> [Exercise objective]:
Below are the entries. Print only the lines starting at the one with "Mình đang đi" and ending at the one with "#include <math.h>#include <stdio.h>#include", exactly, with no pictures.

> [Data supplied]:
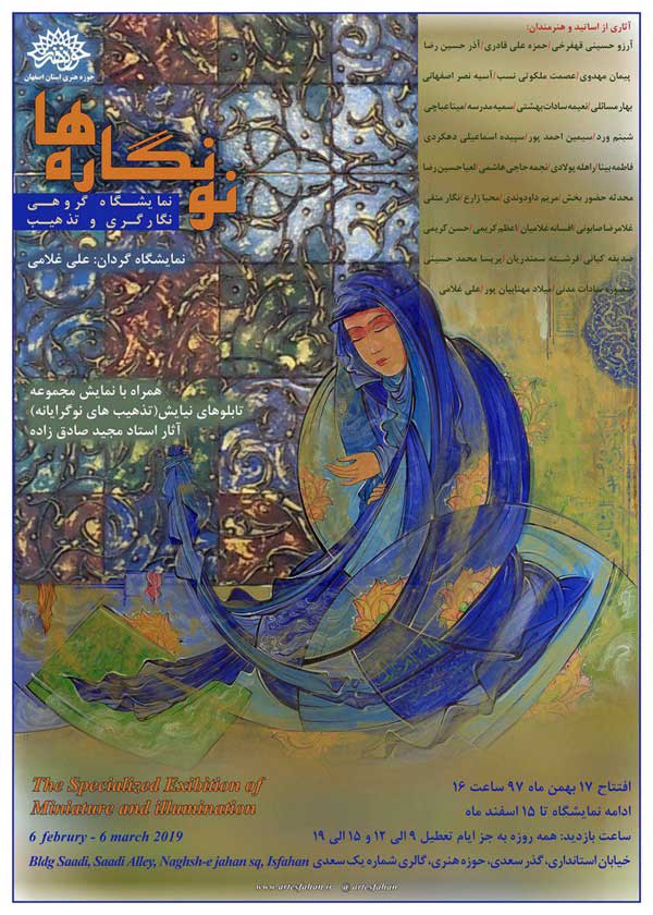 به گزارش روابط عمومی حوزه هنری استان اصفهان، این نمایشگاه که شامل 40 اثر از آثار نگارگری و تذهیب 31 نفر از نگارگران و تذهیب کاران اصفهانی است از ساعت 16 روز چهارشنبه 17 بهمن ماه در میان جمعی از نگارگران اصفهانی و با حضور استاد مجید صادق زاده در گالری سعدی واقع در عمارت سعدی حوزه هنری در خیابان استانداری اصفهان افتتاح می شود.
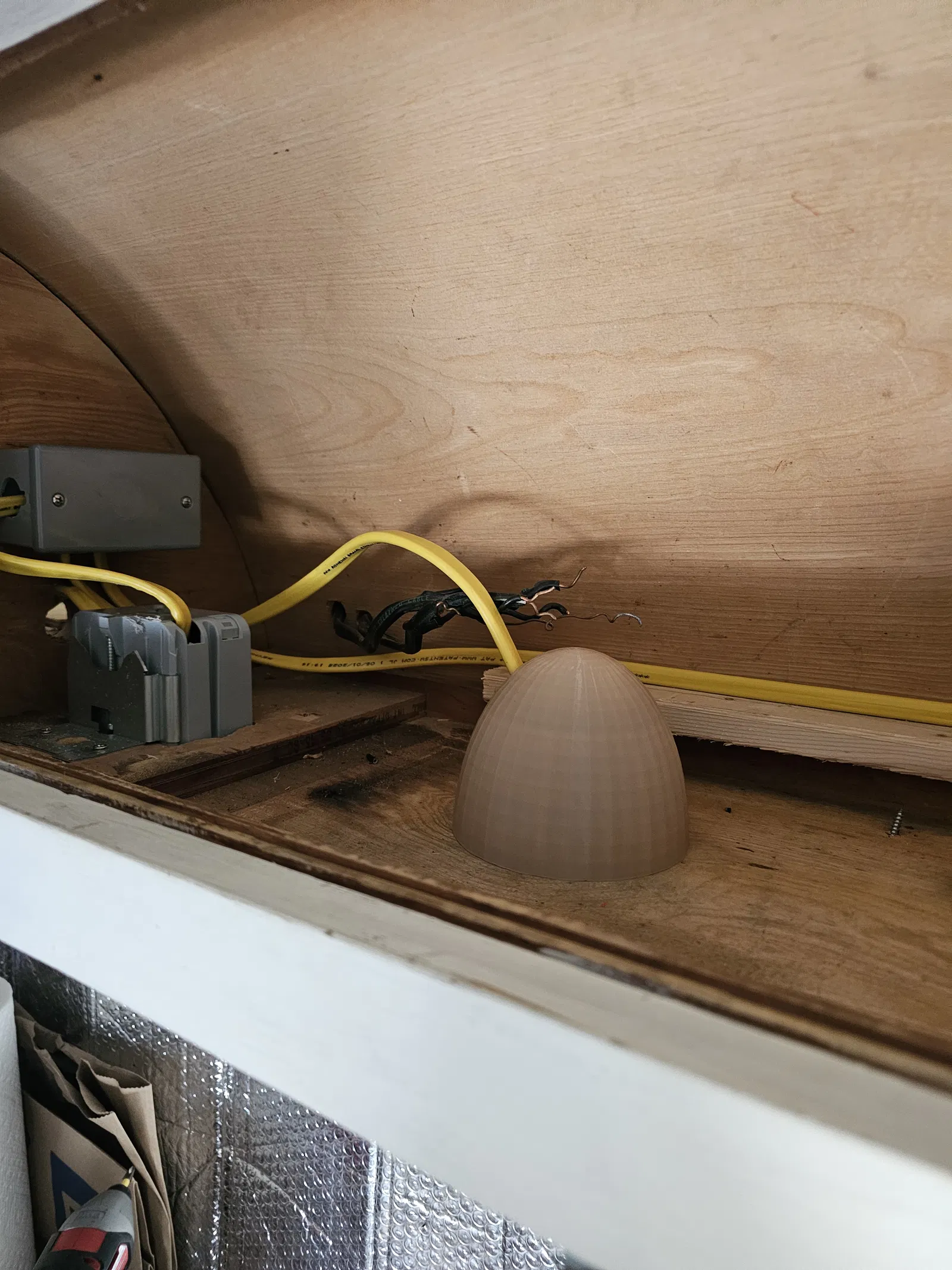 Mình đang đi lại dây cho một chiếc travel trailer cổ, mà mặt sau của cái đèn này trước giờ bị để lộ ra. Nên mình quyết định che phần nối dây cho gọn gàng hơn và làm nhanh cái nắp che này bằng Tinkercad.
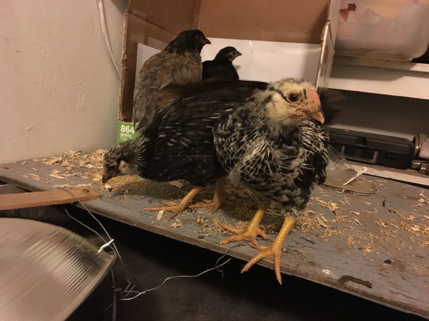 Sylvie has always been lighter then heather, they were easy too tell apart as chicks. Now they are 4 weeks+ and I'm worried slyvie has way too much white and also less tail. They are hatchery birds so I know coloring can be off but is that much white this early normal for a pullet?
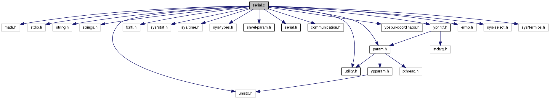#include <math.h>#include <stdio.h>#include <string.h>#include <strings.h>#include <unistd.h>#include <fcntl.h>#include <sys/stat.h>#include <sys/time.h>#include <sys/types.h>#include <shvel-param.h>#include <serial.h>#include <communication.h>#include <utility.h>#include <param.h>#include <ypspur-coordinator.h>#include <yprintf.h>#include <errno.h>#include <sys/select.h>#include <sys/termios.h>
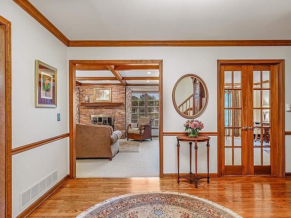 Perfectly set on a waterfront lot and situated in the desirable Dells of Bittersweet in Southwest Allen County, this transitional beauty feels like home the minute you pull up. Once inside, you will discover a world of sophistication with hardwood floors, rich natural wood accents and modern upgrades throughout. This 4 bedroom, 4 bath, 3,800 sq.ft. home is spacious and accommodating with a large home office, a cozy reading room (or an additional home office), a formal dining room and the most charming 3-season sunroom w/captivating water views. The living room is warm and inviting, centered by a floor-to-ceiling brick fireplace flanked by windows flooding the space with sunlight, coffered ceilings and custom built-ins. A beautifully upgraded kitchen is the heart of the home, with a custom center island, granite countertops, a fleet of high-end stainless appliances and a corner breakfast nook with built-in bench seating. Upstairs, you'll find the primary en-suite w/walk-in closet and fabulous bath w/large jetted tub, dual vanities & heated tile flooring, three sizable bedrooms, ample closets and a freshly updated full bath. Make your way to the daylight lower level, complete with a wet bar, tastefully remodeled full bath, multi-use rec room, an over-sized storage room and a comfortable family room. Impeccable maintenance is evident w/many recent updates & upgrades: Remodeled full bathrooms w/luxe finishes 2021; New Water Heater 2021; Buescher Homes Remodel LR/Kitchen 2020; All new windows in 3-season room 2020; Many newer windows throughout; New wood blinds/plantation shutters 2020; Exterior Paint 2019; Trex Deck 2019; New roof 2018. A delightful oasis awaits you in the backyard space w/walking trails, lush landscape and tranquil pond views.

> [Written answer]:
 Mình đang đi lại dây cho một chiếc travel trailer cổ, mà mặt sau của cái đèn này trước giờ bị để lộ ra. Nên mình quyết định che phần nối dây cho gọn gàng hơn và làm nhanh cái nắp che này bằng Tinkercad.
 Sylvie has always been lighter then heather, they were easy too tell apart as chicks. Now they are 4 weeks+ and I'm worried slyvie has way too much white and also less tail. They are hatchery birds so I know coloring can be off but is that much white this early normal for a pullet?
#include <math.h>#include <stdio.h>#include <string.h>#include <strings.h>#include <unistd.h>#include <fcntl.h>#include <sys/stat.h>#include <sys/time.h>#include <sys/types.h>#include <shvel-param.h>#include <serial.h>#include <communication.h>#include <utility.h>#include <param.h>#include <ypspur-coordinator.h>#include <yprintf.h>#include <errno.h>#include <sys/select.h>#include <sys/termios.h>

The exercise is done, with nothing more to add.